Start at the top of the records and, please, print each line exactly through the line that contains "- The main wear", leaving out all pictures.

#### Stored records
□ □ □ □

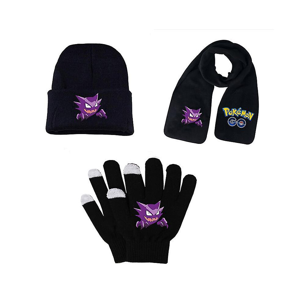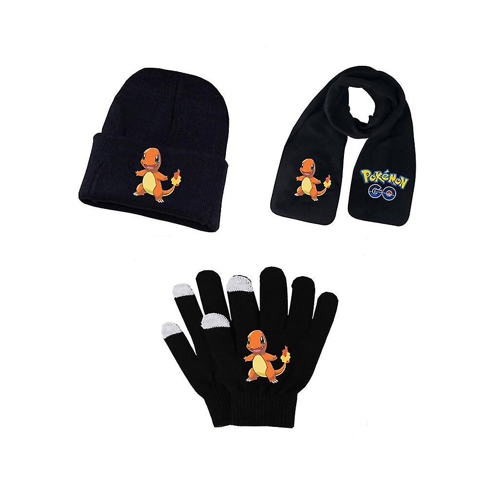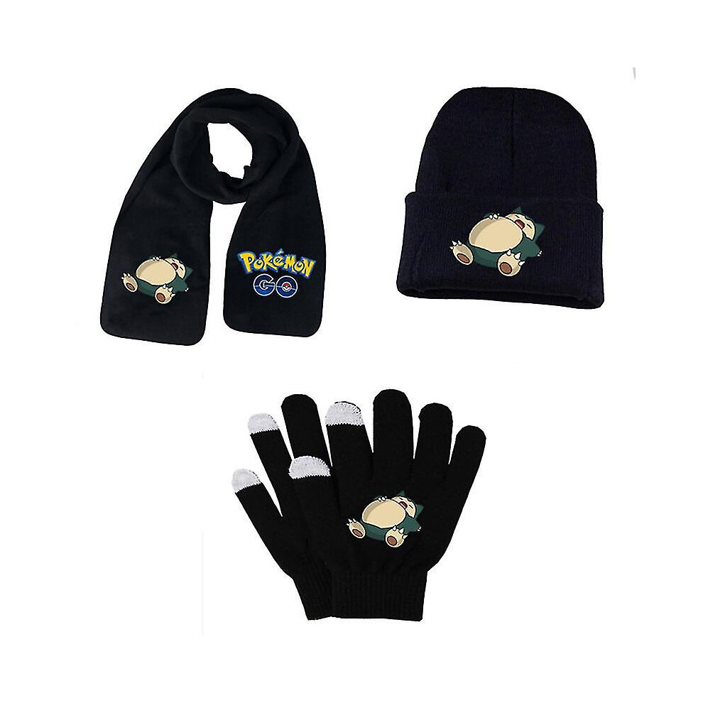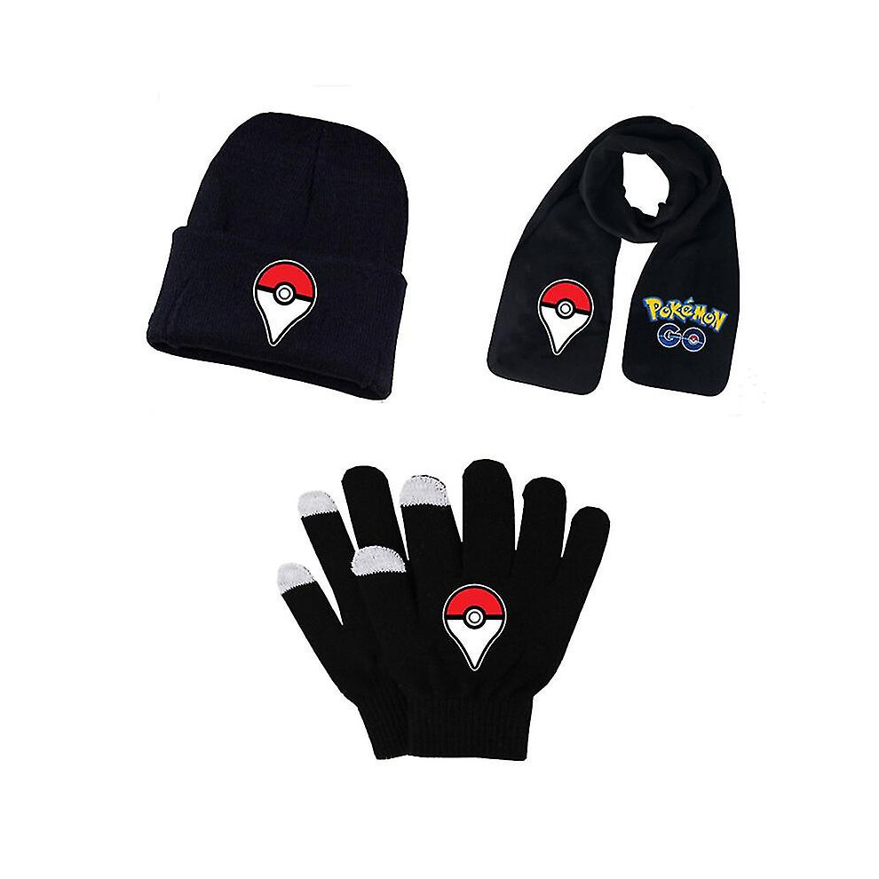 (set 3) Adult Students Autumn Winter Kid Hat Scarf Glove Set Pokemon Pikachu Anime Cartoon Printing Cosplay Touch Screen Riding Gloves
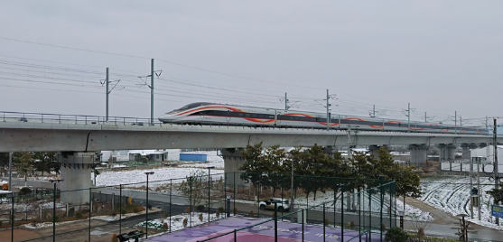 高鐵軌道上,銀白色的列車穿行在銀裝素裹的景致中,車身與雪景交相輝映,仿佛一條鐵龍?jiān)诋?huà)中游走。
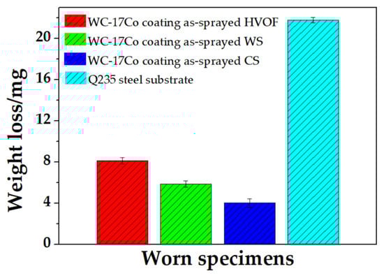 - The main wear mechanism of all coatings was the groove and some peel-offs. The average weight loss of the WC-17Co coatings formed in HVOF, WS, and CS was 8.15 ± 0.31 mg, 5.31 ± 0.32 mg, and 4.05 ± 0.41 mg, respectively. However, the average weight loss of Q235 steel was 21.77 ± 0.25 mg, which was more than 5 times that of the cold-sprayed WC-17Co coating.
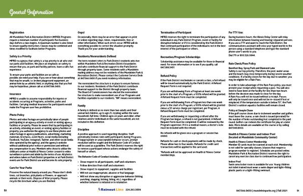 All Mundelein Park & Recreation District ( MPRD ) Programs require a minimum number of participants five business days before a class begins . A maximum number is also listed to ensure quality instruction . Classes may be combined and times modified to facilitate better Programs .
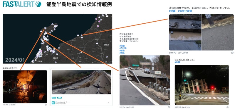 当社はAIビッグデータリスク情報センサ「FASTALERT(ファストアラート)」を開発・運営し、SNSをはじめとする住民の目撃情報などを収集・分析しています。能登半島地震でも、報道機関や地方自治体、警察・消防、インフラ企業などにリアルタイムの災害目撃情報を提供してまいりました。

□ □ □ □

#### SOLUTION TO THIS EXERCISE
 (set 3) Adult Students Autumn Winter Kid Hat Scarf Glove Set Pokemon Pikachu Anime Cartoon Printing Cosplay Touch Screen Riding Gloves
 高鐵軌道上,銀白色的列車穿行在銀裝素裹的景致中,車身與雪景交相輝映,仿佛一條鐵龍?jiān)诋?huà)中游走。
 - The main wear mechanism of all coatings was the groove and some peel-offs. The average weight loss of the WC-17Co coatings formed in HVOF, WS, and CS was 8.15 ± 0.31 mg, 5.31 ± 0.32 mg, and 4.05 ± 0.41 mg, respectively. However, the average weight loss of Q235 steel was 21.77 ± 0.25 mg, which was more than 5 times that of the cold-sprayed WC-17Co coating.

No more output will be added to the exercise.